To judge from Western newspapers, the elections on June 24 in Turkey brought a crisis for democracy. The “crisis” is that Turks will continue to be governed by Recep Tayyip Erdogan, the perennially popular Islamist former mayor of Istanbul, for whom they voted overwhelmingly, and not by Muharrem Ince, the secularist darling of Western journalists, who lost to Erdogan by 20 percentage points and 11 million votes. In Germany, the Frankfurter Allgemeine calls Erdogan Turkey’s “first elected sultan,” a “master of manipulation.” In London, the Financial Times alluded to opposition warnings of a “one-man regime.”
This is certainly a crisis for something. Erdogan has been a mischievous participant in the Syrian and Iraq wars, and an unreliable NATO partner. He appeases ISIS. He buys air-defense systems from Russia. He single-mindedly sabotages America’s Kurdish allies. He has become perhaps the loudest voice against Israel on the world stage.
But if it is a crisis for democracy, then journalists are using a strange definition of democracy. The most undemocratic-looking elements of the Turkish elections have to do with Turkey’s embroilment in international conflict. The Kurdish candidate, Selahattin Demirtas, waged his campaign over YouTube, from jail. That is because the war Turks have waged against Syria’s Kurds allows Erdogan to classify their sympathizers (including Turkey’s Kurds) as “terrorists.” This may be an injustice, but it is one in which the United States is, to put it mildly, not blameless.
Many journalists have spoken, too, of Erdogan’s “worrying track record on rights” since the attempted military coup against him in July 2016. Journalists have been jailed, the army reformed from top to bottom, and more than 100,000 government employees fired. This may be quite excessive. But most news coverage misses the point: When a country’s armed forces try to overthrow its democratically elected leaders, a responsible politician might believe he has higher priorities than, say, building day-care centers.
Nothing was ever the same after the coup. Some people surely find it a worse country to live in. But when Erdogan’s enemies speak of “one-man rule,” what they are most often referring to is the reform of the constitution, passed by referendum last year. It does make the executive more powerful, primarily by replacing a parliamentary system like Britain’s or Germany’s with a presidential system like that of France or the United States.
There are rich constitutional arguments, many of them by American Anglophiles and English Americanists, over which system is better. James Madison, Lord Bryce, Woodrow Wilson, Lani Guinier—such scholars have sought the right balance between giving a voice to dissent and providing for what Alexander Hamilton called “energy in the executive.” European journalists covering Turkey appear to consider the matter settled.
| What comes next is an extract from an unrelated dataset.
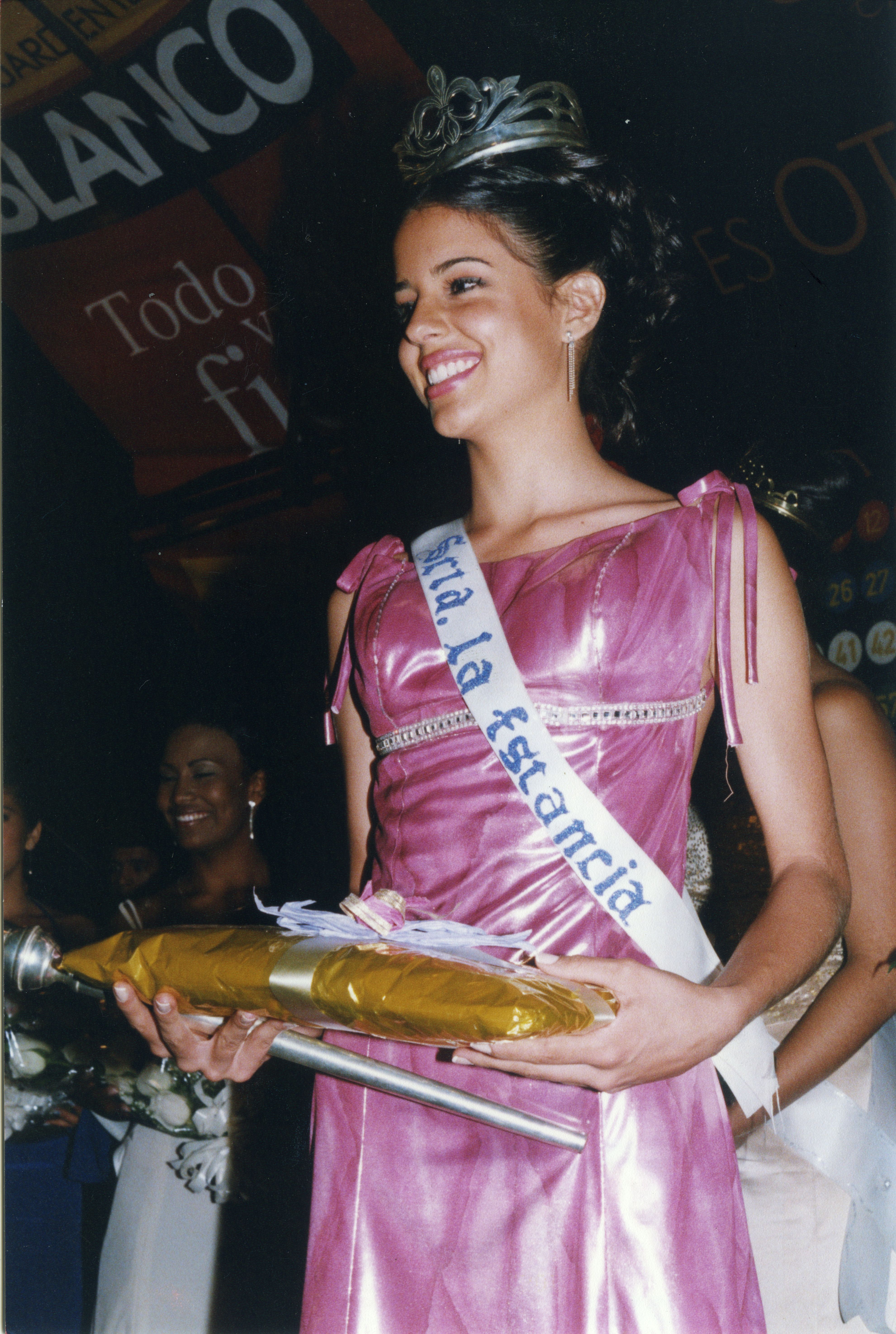 Plano medio largo de la Reina de las Ferias de Yumbo, Lady Carolina Bravo Ramirez. Sostiene el cetro y un regalo.

For them, the difference between presidents and tyrants is an unimportant one. As the Financial Times puts it:
Heaven forfend! This is the American system. Whether one favors such powers for the Turkish head of state or not, they were secured by a democratic vote, and any victor in the last election would have enjoyed them.
One journalist noted: “The amended laws do leave a small space for checks and balances, making control of the 600-seat parliament crucial.” But if taking parliament is crucial, then there would seem to be a large space for such checks. And Erdogan lost ground in this new parliament, which he controls only through a coalition with the nationalist MHP party.
Germans have been particularly anguished over the Turkish result. With its population of 1.5 million Turkish citizens, Germany is an important Turkish electoral district. And German Turks, with their years of exposure to Western liberalism, turn out to be considerably more pro-Erdogan than their cousins back home: Whereas 53 percent went for Erdogan in Turkey, 65 percent did in Germany. The leading German tabloid, Bild, asked Turkish residents why they liked Erdogan so much. “He doesn’t let himself get pushed around,” one said. “Not by the USA, not by Chancellor Merkel.” And for many, especially the self-described “headscarf people,” the most important thing is that Erdogan is a pious Muslim.
From a western perspective, Turkey has a culture problem: It is increasingly Islamist and theocratic. It has an economy problem: It is dependent on fickle foreign investment. But it does not have a democracy problem. In fact, in setting their own path, its people are less impeded by unaccountable elites than many Western peoples are.
Turkey has a problem with democracy only to the extent that the word democracy has been altered to mean something like “the stuff respectable journalists and board members in New York and Berlin approve of.” C. S. Lewis, in a great 1944 essay, used democrat as the prime example of that class of “words which were once insulting and are now complimentary.” Like villain and gentleman, the word has become a crude value judgment. “The truth,” Lewis wrote, “is that words originally descriptive tend to become terms either of mere praise or of mere blame. The vocabulary of flattery and insult is continually enlarged at the expense of the vocabulary of definition. As old horses go to the knacker’s yard, or old ships to the breakers, so words in their last decay go to swell the enormous list of synonyms for good and bad.”